Top of Information provided

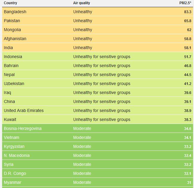 南亞的情況不甚樂觀,在30個(gè)污染最嚴(yán)重的城市中,印度、巴基斯坦或孟加拉國有27個(gè)。其中,巴基斯坦的古吉蘭瓦拉(Gujranwala),費(fèi)薩拉巴德(Faisalabad)和萊溫(Raiwind)是污染最嚴(yán)重的十個(gè)城市之一,新德里、拉合爾和達(dá)卡等主要人口中心分別排在第5、12和21位。
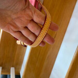 Material: Pebbled leather with Vachetta leather trim. A thicker high quality leather with beautiful grain and texture.
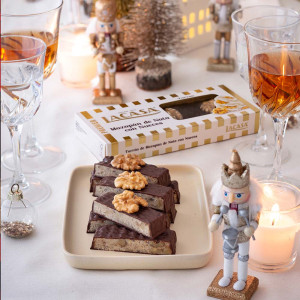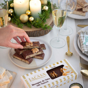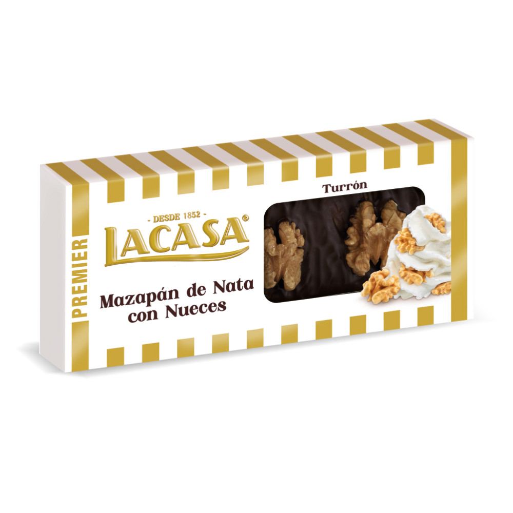 Tradicional mazapán de nata con trocitos de nuez en su interior y decorado con nueces de California.

Bottom of Information provided

Could you retype each line of the material above exactly, skipping the pictures?

 南亞的情況不甚樂觀,在30個(gè)污染最嚴(yán)重的城市中,印度、巴基斯坦或孟加拉國有27個(gè)。其中,巴基斯坦的古吉蘭瓦拉(Gujranwala),費(fèi)薩拉巴德(Faisalabad)和萊溫(Raiwind)是污染最嚴(yán)重的十個(gè)城市之一,新德里、拉合爾和達(dá)卡等主要人口中心分別排在第5、12和21位。
 Material: Pebbled leather with Vachetta leather trim. A thicker high quality leather with beautiful grain and texture.
 Tradicional mazapán de nata con trocitos de nuez en su interior y decorado con nueces de California.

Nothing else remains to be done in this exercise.